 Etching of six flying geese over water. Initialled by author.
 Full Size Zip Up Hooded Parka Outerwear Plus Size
...
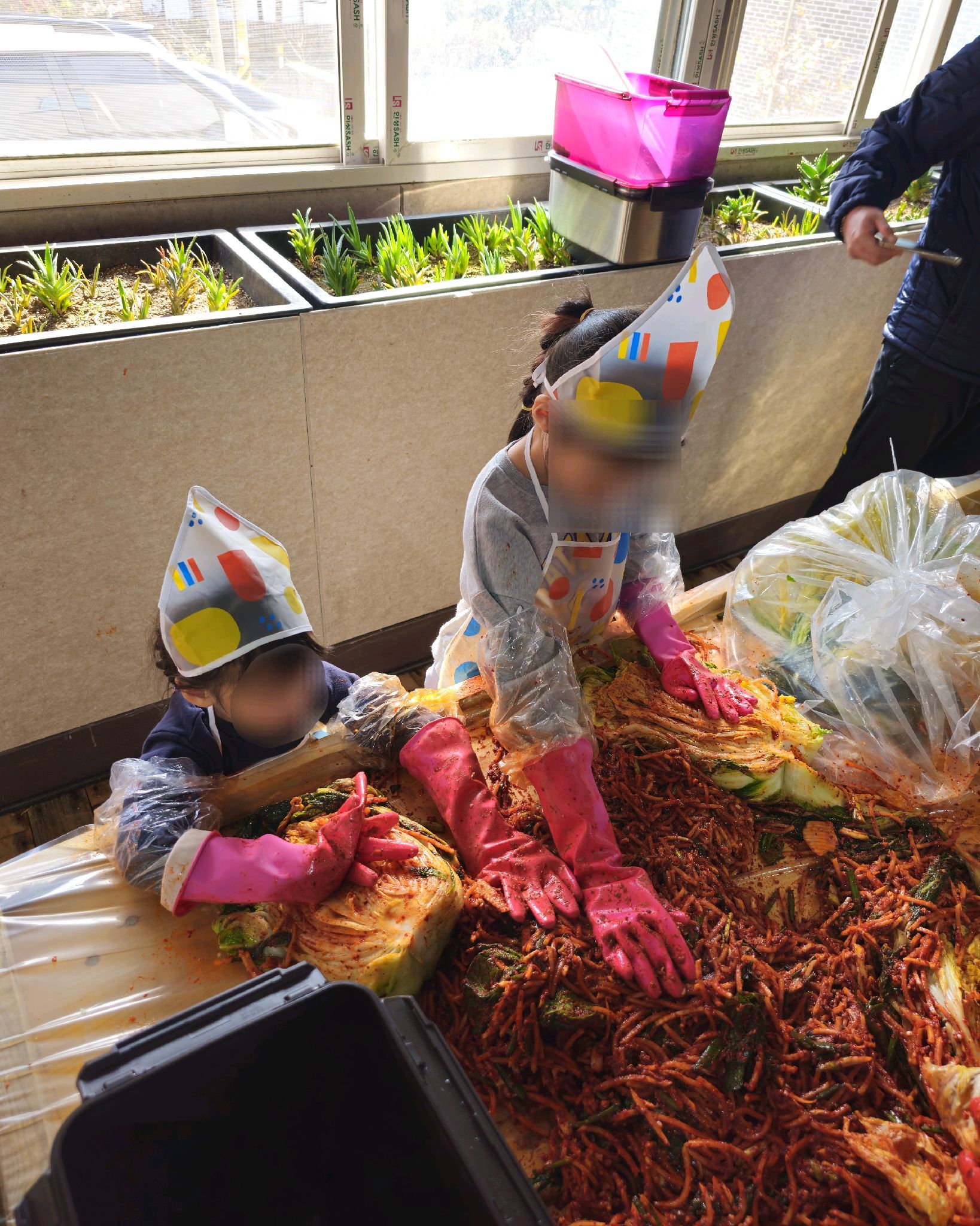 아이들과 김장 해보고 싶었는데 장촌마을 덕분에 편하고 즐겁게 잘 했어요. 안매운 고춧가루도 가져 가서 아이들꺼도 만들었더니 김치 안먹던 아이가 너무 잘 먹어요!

(ACTION ITEM): Of the entries above, repeat exactly the lines between the line with "Etching of six" and the line with "Full Size Zip", inclusive, and no others.

(RESPONSE AREA):
 Etching of six flying geese over water. Initialled by author.
 Full Size Zip Up Hooded Parka Outerwear Plus Size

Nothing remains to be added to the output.